Contest Prep Pro Tips So You Shine on Stage
Contest prep pro tips can be found on any fitness web site these days. However, how helpful and real are those tips? Are they really getting to the meat of what it takes to get super-defined? Do they tell you to eat clean, plan your meals, exercise regularly, etc.? If so, you are only being given a portion of the story. The easy stuff.
The truth is, many people don’t want to know what it REALLY takes to get into contest condition. The truth is, the more structured and strict you are, the better condition you will be in. Plain and simple. Below are a few of the REAL contest prep pro tips. If you follow them, you will be lean, conditioned, and very competitive.
Contest Prep and Traveling
If you love traveling, then do it in the off-season. Oh, news flash. Off-season is a real thing, regardless of what all the meme’s read online. So, can you travel during your 12 weeks of contest prep? Sure you can. Can it affect your rate of fat loss and water balance? Of course it can. Very few competitors can travel and make competing work. Very few can contest diet and contest train during travels. If you can travel and diet and train, then you are the few percent and that’s great. If you cannot stay focused and on track when traveling, then don’t travel during contest prep.

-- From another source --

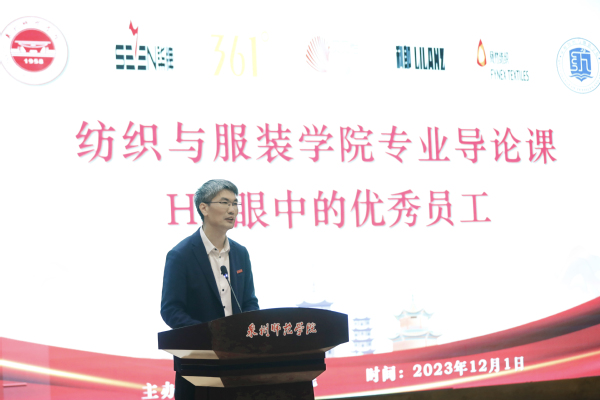 12月1日晚上,纺织与服装学院在特教大楼第一学术报告厅开展纺织服装专业导论课“HR眼中的优秀员工”,来自纺织鞋服产业著名企业的五位人力资源经理为2023级新生联合授课。东华大学研究生院副院长刘晓艳教授,学校实习实训中心副主任邓秀勤,学院党委书记黄国波、副院长徐海燕,系主任、教师代表,全体辅导员,2023级研究生、本科生参加。黄国波客串“助教”,主持这堂特殊的专业导论课。

For most people, when they travel they relax a bit more, they snack or eat out in restaurants or eat fast food. These are not ideal tactics to indulge in during contest prep. Any unscheduled food can wreck havoc of a physique that needs to get into the single digits and be be judged on stage.

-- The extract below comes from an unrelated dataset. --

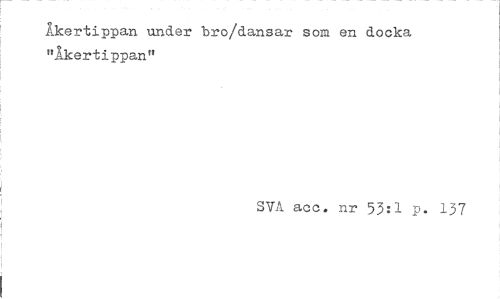 //// Åkertippan under bro/dansar som en docka "Åkertippan" //// SVå acc. nr 53:1 p. 137 ////

Flying can cause water retention. Changes in cabin pressure and sitting for an extended period of time may cause your body to hold on to water. This is why many professional competitors fly to the venue 2-3 days before their competition, to allow time to remove the water retention caused by flying.
Cheat Meals
Want to be in condition? You can cheat, but you cannot have any unscheduled cheat meals. Confused yet? So here’s the deal, you can take one cheat meal once a week. This one cheat meal must fall on the same day each week. If you choose Sunday as your cheat day, you must take your cheat day every Sunday. You cannot change each week or two from Saturday to Sunday. Choose one day and stick with it, no matter what.
Does it really matter if the day changes each week? Yes it does because you want to train your body when to receive quality meals and when to receive a cheat meal. In order to train you have to get on a plan and follow it, no matter what. When you start changing your days out for whatever reason, it quickly gets you off track, focus and diet-wise.

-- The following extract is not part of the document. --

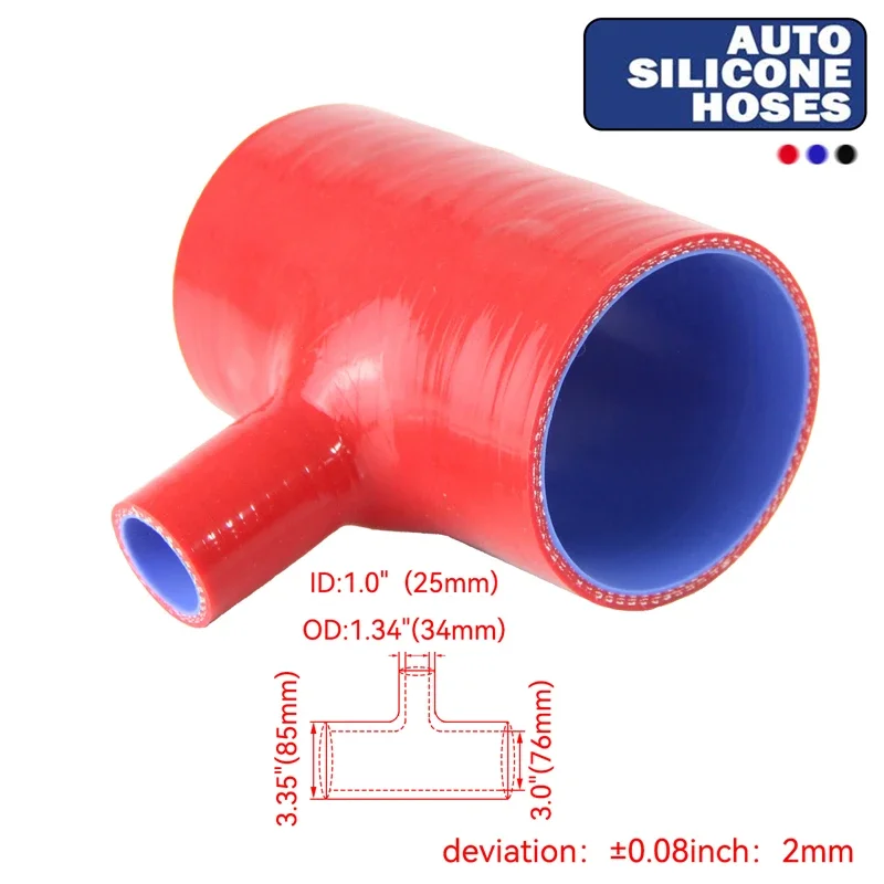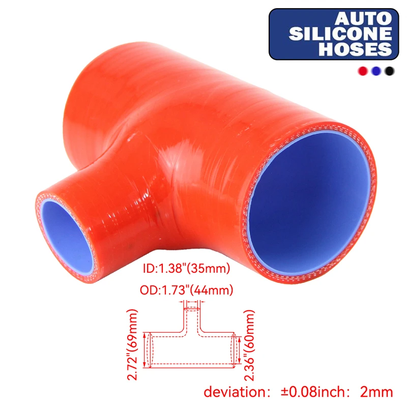 Acoplador de silicone de 3 camadas de 2,36 polegadas/60 mm Adaptador de mangueira em forma de T Turbo/BOV/tubo 35 mm ID

Your contest diet should be set on autopilot. If it’s time to eat a quality meal, you eat a meal, no matter what. If it’s time to eat a cheat meal, you eat a cheat meal. Do NOT start your cheat day early and do NOT allow it to bleed into the next day. That is not how pros prep.
Avoid Exsiccosis
Avoid this condition at all cost during your prep. What is exsiccosis? It’s simply dehydration. Drink your water, and drink at lot. Many bodybuilders and competitors drink up to a gallon of water a day. This is to keep the kidneys flushed because eating a lot of protein is hard on the kidneys. Keep you water intake high, and you’ll be fine.
A hydrated muscle is a strong muscle. Keep properly hydrated for great lifts in the gym. In addition, staying well-hydrated also prevents water retention and helps to flush fat and toxins out of the body. The only time you tinker with dehydration is the day before and the day of your contest. This is a very short amount of time. Even so, you still need to be cautious and keep your minerals in check.
Eat Like Clockwork
Eat all meals on time. This means eat on time, every time it’s time to eat. No ifs, ands or buts. I don’t care if the moon is turning green. If it’s time to eat, you eat. Skipping meals is unacceptable. It sounds so minor, but nutrition is the foundation of building a great body. You are actually better off missing training than to miss a meal.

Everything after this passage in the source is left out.